Tuesday, November 17, 2009

Tuesday Thinkback - In which my english class resembled an episode of Jerry Springer

Due to Amanda being incapacitated, you will have to suffer through one of my posts.

I have often told Amanda that my high school was ghetto. We have driven past it several times as we have been to visit my parents, but I don't think she has ever really experienced it. Here are a couple of examples of things that were different between our high schools that I have discovered:

  1. Amanda's school had a gym and an auditorium that were not the same room (I believe several dances were held in our gym, although not being much of a dancer, I did not attend)
  2. Amanda's school had something called "Show Choir" of which Amanda was a member. Apparently it is part choir and High School Musical. Amanda told me once that there were competitions to see who could have the biggest hair. Big hair at my school was usually accompanied by a pick)
  3. White people were not a minority at Amanda's school. I think she said there were one or two black people in her school.
  4. I've never asked, but I think it's safe to assume the pool at Amanda's school did not include a shallow end. (this made for interesting water polo games at MA)
Now I did not grow up in a ghetto, but my high school did fall in the middle of several colorful cities. My high school was a cultural experience to say the least. I once had to deliver a pizza (I delivered pizzas for Rount Table in high school) to my school and found a whole wing of classrooms that I had never noticed before and I'm pretty sure it's because nobody there spoke English.

With this background, we now arrive at my senior year English class taught by Mr. Cane. Having previously failed my junior year AP literature test (which I attribute to my confusing Captain Ahab and Captain Nemo in one of my essays), I decided not to attempt another AP English class my senior year. I found Mr. Cane's class to be much more my speed. We were given such assignments as looking words up in the dictionary and reading 3 books throughout the course of the year. Some times we had "debates" in class led by the students. I got through the class by playing tetris on my calculator after finishing my calc homework, or hanging out with Nick (or Duke Nicolas as I see he is known now).

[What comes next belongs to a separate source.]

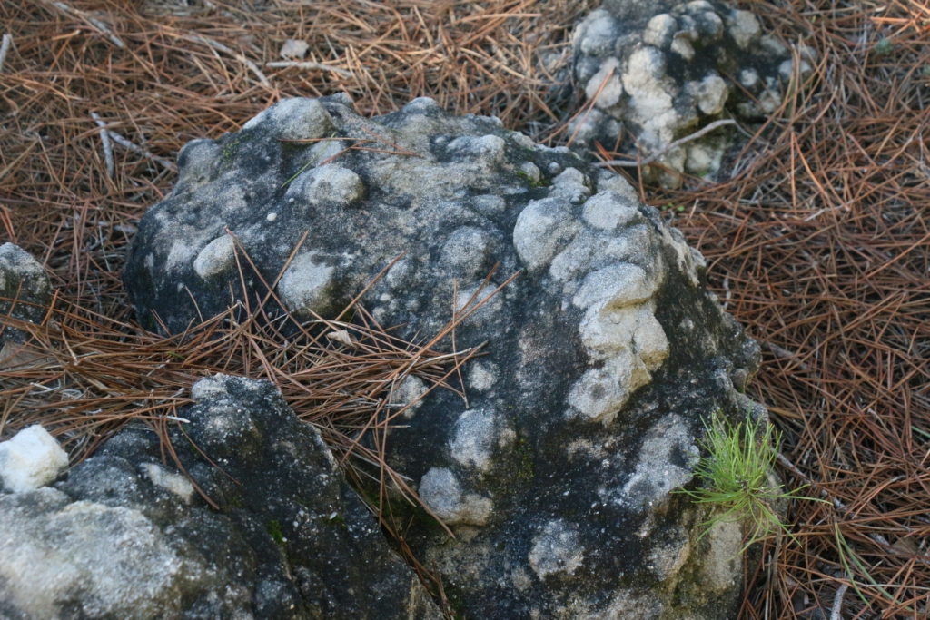 Une fois visitées ces ruines, direction le vallon de Noyères, d’où était extraite cette fameuse argile enrichie en alumine qui a fait la réputation des briques réfractaires de Bollène. Sur la crête de la colline, dans une ancienne carrière, nous avons pu admirer de nombreux nodules de grès blancs encore prisonniers de la roche ou détachés par l’érosion.

On some of the more exciting days in class, a couple of our classmates decided to have one of their usual shouting matches in class. Mr. Cane was a litte on the pasive agreessive side, so he let them yell at eachother for 5-10 minutes before asking one of them to leave (usually the girl). About half way through the year when the class started to thin out due to dropouts and/or birthing children, the same two people had a slightly more heated argument than usual. I have no idea why they started yelling. It may have had something to do with the guy calling the girl a beast or possibly something worse, but it ended with her leaving the room. However, on her way out the door, she was inspired to pull the fire extinguisher off the wall and hurl it in the direction of her assailant. He was fast enough to dodge it, but it did bounce off his desk and glanced off another student. I'm pretty sure she never came back to class after that.

5 comments:

Bridget said...

Oh that's hilarious.

I want to see some pictures from Show Choir.

heidi nielsen said...

Awesome. Guaranteed my high school was more ghetto than yours.

Anonymous said...

You had a pool? We had on campus police - like real police with guns, not just the rent-a-cops. We had like 90% of the senior class girls either were pregnant, mostly with baby #2, or already had a child. We lost our music room to an on campus daycare. I believe I was 1 of 5 white seniors although I only remember 2 others. I didn't go to my graduation because I had had some death threats. The principal had also encouraged me not to attend. Go Garey!

Tyler Ball said...

OK Amy, I think you win, unless Heidi can top that.

The Clark's said...

Tyler you came out pretty normal, but I"m sure you most have some street cred. You'll have to teach me the ropes because I'm pretty white.